Going to the grocery store is a frequent occurrence for most of us. However, most people are probably not aware of when a grocery store can be held liable for selling unsuitable products. 

On February 15, 2013, Elton Simmons purchased a package of fruit cups from Brookshire Grocery, a Shreveport grocery store. That night Simmons ate a fruit cup, and woke up the next morning with stomach pain. At this point he ate another one to “settle his stomach.” At around 7:00 a.m. Simmons opened the rest of the fruit cups and noticed they had mold growing inside of them.

In the initial trial, Simmons alleged negligence for “(a) selling products that were unfit to eat, (b) not ensuring that all products were fit for their purpose, (c) not preventing the sale of dangerous products, and (d) other acts of negligence.”

Brookshire instantly filed for summary judgement, noting several factors. First, Brookshire noted in Simmons deposition, that he admitted he was not sure if what he ate had mold, that the packaging looked okay, that the mold was forming on one area rather than the whole cup, and that he did not know if anyone from the store actually knew there was anything wrong with the fruit cups. Brookshire further cited to two cases which establish that when one is suing a grocer, rather than the actual manufacturer of a product, one must show that the store either played a part in the creation of the product, or improperly handled it once it was in their care. Ard v. Kraft Inc., 540 So. 2d 1172 (La. Ct. App. 1989); Lewis v. Albertson’s Inc., 935 So. 2d 771 (La. Ct. App. 2006). Simmons did not provide any such evidence.

Simmons presented evidence of his medical records and cited to two cases that say in “deleterious food” cases all you have to do is show that a problem with the food was there when you bought it and that problem is what injured you. Crosby v. Wal-Mart Stores Inc., 67 So. 3d 695 (La. Ct. App. 2011); Landreneau v. Copeland’s Cheese Cake Bistro LLC, 7 So. 3d 703 (La. Ct. App. 2009). Simmons claimed that if the store had taken a closer look at the cups then the mold would have been noticed.
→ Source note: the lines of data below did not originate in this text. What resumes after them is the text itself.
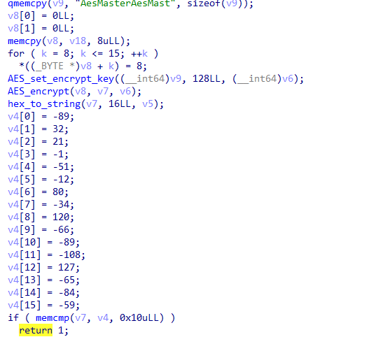 第四段就是AES_set_encrypt_key函数使用AesMasterAesMast生成一个密钥,然后AES_encrypt函数在根据密钥去加密,最后将加密后的内容hex_to_string处理后与v4数组匹配,所以其实v8其实并没有上面用,就是单纯的充当了一个明文的存在,所以写脚本逆向即可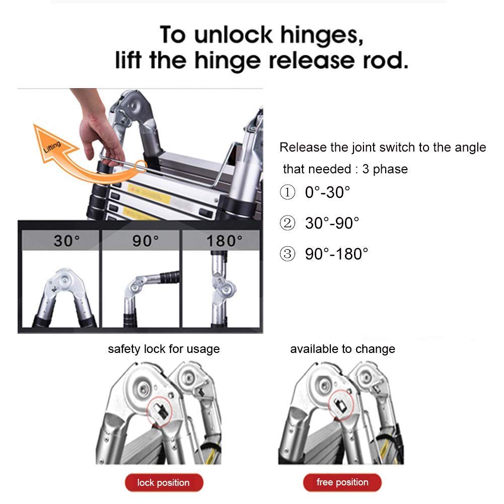 ["Perfect safety and stability, maximum load capacity up to 330 lbs, non-slip rubber feet ensure that the folding ladder does not move during use, ensuring your safety","The extendable and foldable design allows you to fold or extend the ladder to 16.5 feet. When not using the telescopic ladder, the multipurpose ladder can be folded to a minimum height of 36.6 inches, effectively reducing storage space","Suitable for both residential and professional applications, ideal for indoor and outdoor tasks such as working at heights, painting, and tree trimming","This is a 16.5-foot folding telescoping ladder. Great helper for indoor and outdoor tasks at home.","Very practical aluminum ladder, folded height: 36.6 inches; extended height: 16.5 feet; steps: 16; net weight: 40.1 lbs; width of each step: 11.4 inches"]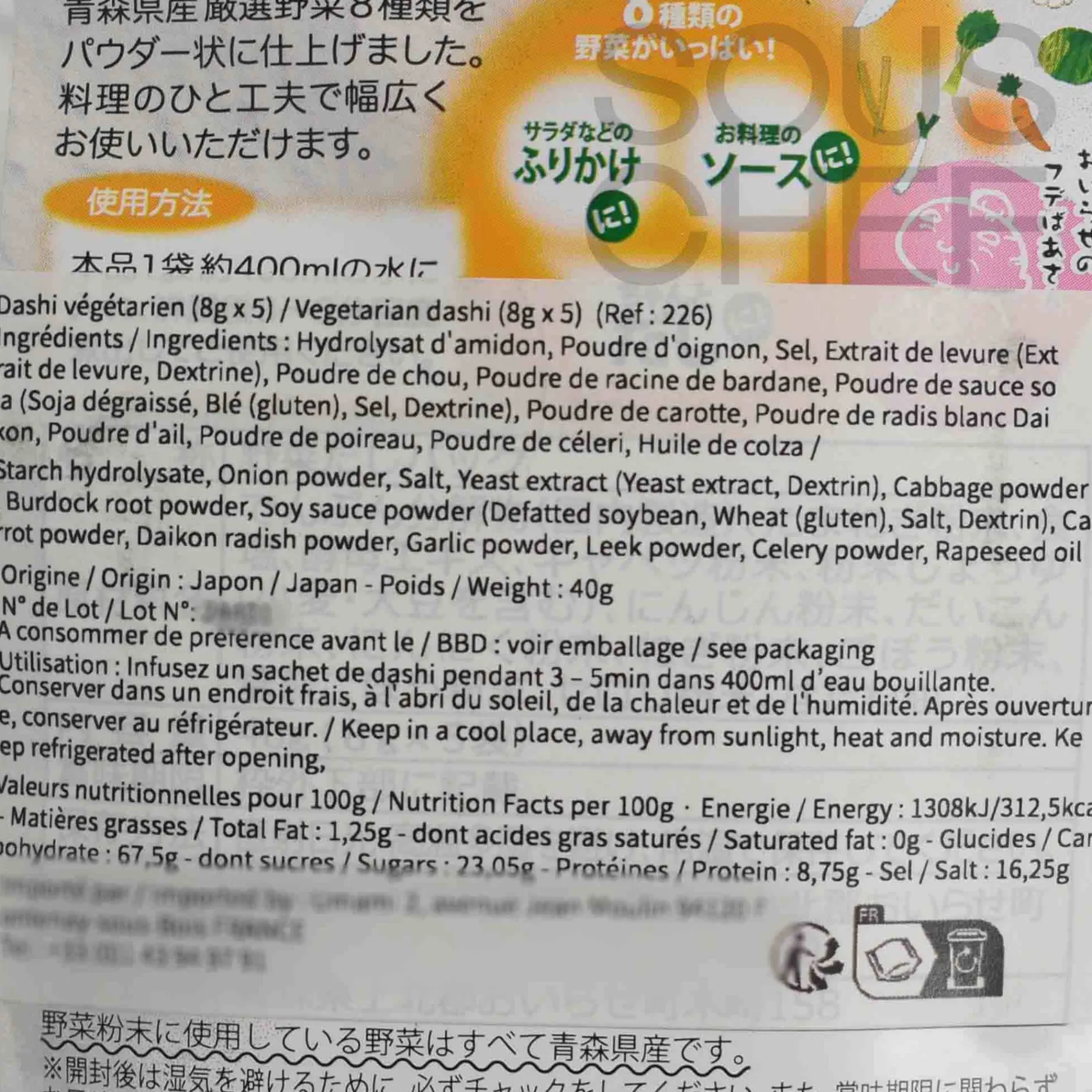 Product formulations and details may change. For the latest ingredients and allergen information always check product packaging prior to consumption. Ingredients: Starch hydrolysate (35,167%), onion powder (20%), salt (14%), yeast extract (yeast extract, dextrin) (7,3%), cabbage powder (5%), burdock root powder (5%), soy sauce powder (defatted soybean, wheat, salt, dextrin) (3%), carrot powder (2,5%), daikon radish powder (2,5%), garlic powder (2,5%), leek powder (2,5%), celery powder (0,33%), rapeseed oil (0,2%)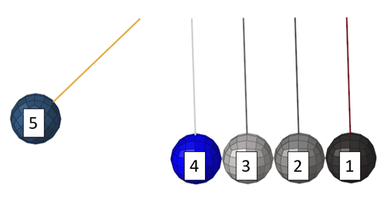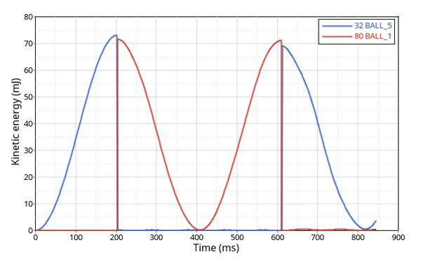 Figure 4. Kinetic Energy Transfer between Ball 5 and Ball 1

Brookshire conceded that this was the proper way of analyzing a deleterious food condition case, but that the analysis only applies to the manufacturer, not someone just selling the product. They reiterated their point that he provided no evidence they either played a role in creating the fruit cup and no evidence they improperly handled it. The trial court agreed and gave summary judgement in favor of Brookshire.

On appeal, Simmons argued the court erred by treating the claim like a manufacturing defect claim rather than a “deleterious food” claim. He claimed again that his only burden was showing the food was already tainted when he bought it and that it’s more likely than not the cause of his injury. He said they should have inspected the cups more closely, and the appellate court should reverse and remand.

Brookshire cited to seminal Louisiana Supreme Court case of Le Blanc v. La. Coca Cola Bottling Co., 60 So. 2d 873 (1952). In that case, the court determined that if there was nothing wrong with the bottle and it seemed fine when the plaintiff opened it, the logical inference is that whatever problem it has was due to the manufacturer and not the vendor. The court also reiterated that the special rule only applies to manufacturers, and that, since the grocery store neither manufactured nor improperly handled the product, they cannot be liable.

The Court agreed, and found that Brookshire had not manufactured the cups. The Court also noted that not only did Simmons not provide any depositions showing they may have mishandled the product, but that, since the cups were almost entirely covered in cardboard and the spot with mold was only noticeable upon opening the product, there was no inspection they could have done without destroying the product that would have let them know it was moldy.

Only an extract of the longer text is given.